Generally I make several trips to the back door to deliver increasingly threatening mandates like “No. More. Yelling!” and other brilliant fatherly gems like this. Then I send one or more of them to timeout in their room for yelling. After the timeout is completed and the boys return to the back yard to resume all the yelling, I eventually just sit on the couch and yell as loudly as I can, “STOOOOOOOPPP THE YELLLLLLLING!!!!!!!!!!”
Ironically, this seems to work quite well at times.
Unless you have multiple boys, you may not be aware that boys can even shift gears in their yelling, breaking into a sort of “turbo mode” necessary in emergency situations. This happens frequently when both of our twins are yelling at us at the same moment.
Let’s just pause right there so that you may fully appreciate that last statement, and develop appropriate feelings of sympathy, embarrassment, and concern for us. Ok, thank you.
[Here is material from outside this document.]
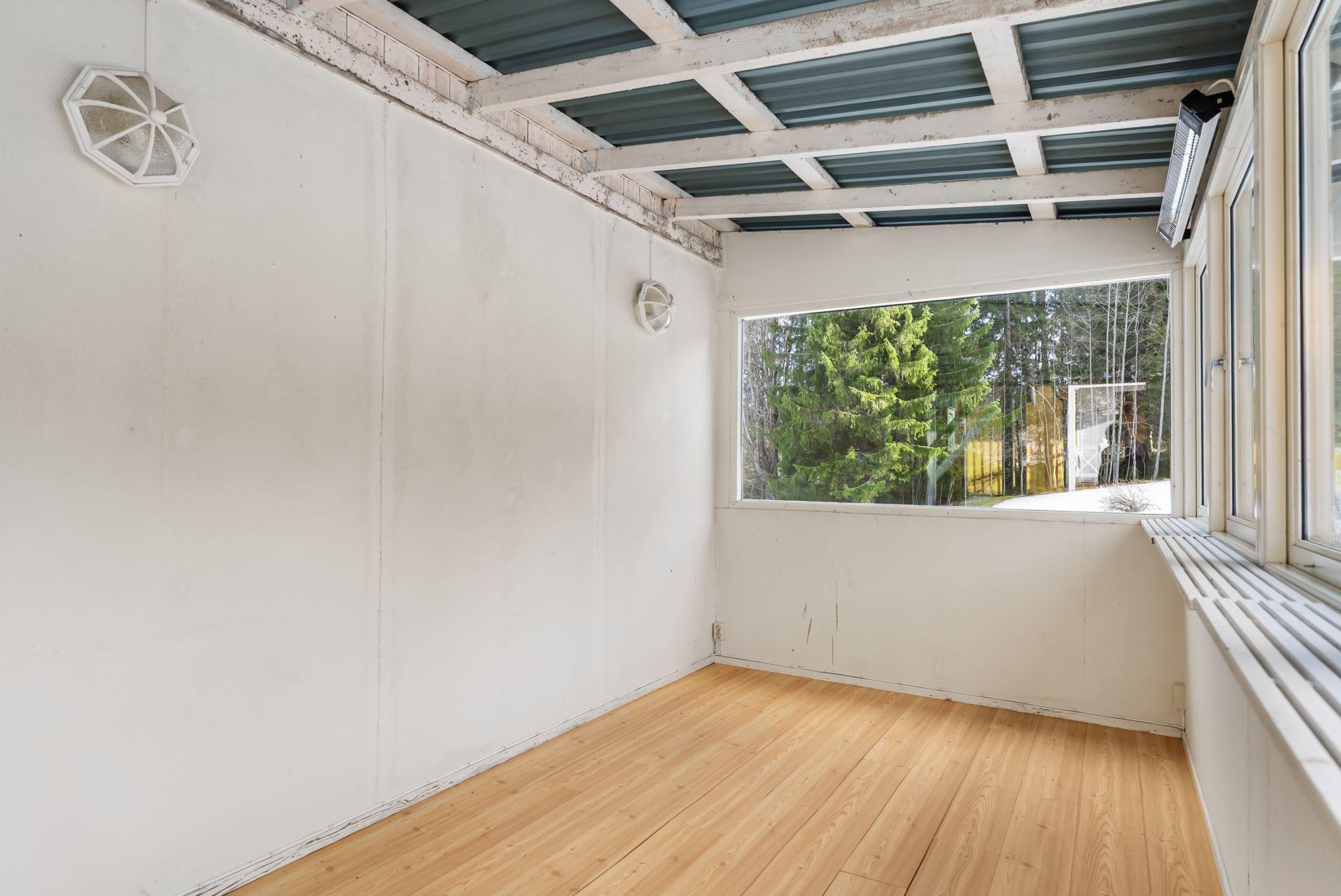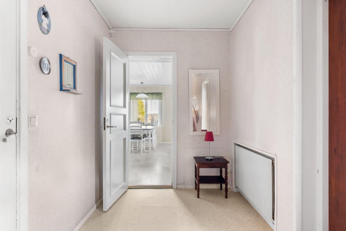 Vid entrédörren finns ett delvis inglasat uterum med plats för matgrupp.

Your feelings are duly noted.
Twin brothers attempting to simultaneously communicate with mom or dad typically results in one or both of them engaging “turbo yelling” mode, which is great fun. This phenomenon consists of one boy, concerned that his yelling at mom is not being heeded or noted, proceeds to increase not only VOLUME to a level that exceeds his brother, but also PITCH.
Our Nathan is the master of turbo yelling. He and Nicholas will bust through the door and begin yelling their urgent updates, usually about who threw whose item of school clothing on the roof or who peed on the side of the house. Nathan can begin a sentence at full volume, but once threatened by the volume of his brother, or any other sibling, can raise volume and pitch at will without ever taking a breath. He’s like an approaching fire truck, sirens getting louder by the second, and moving right up the scale like running your hand up a piano keyboard. By the time they’re done, Nathan is purple, your eardrums are shattered, and small birds and wildlife outside our home have perished. But victory has been claimed. Brother defeated.
Do not mess with boys who have mastered turbo yelling.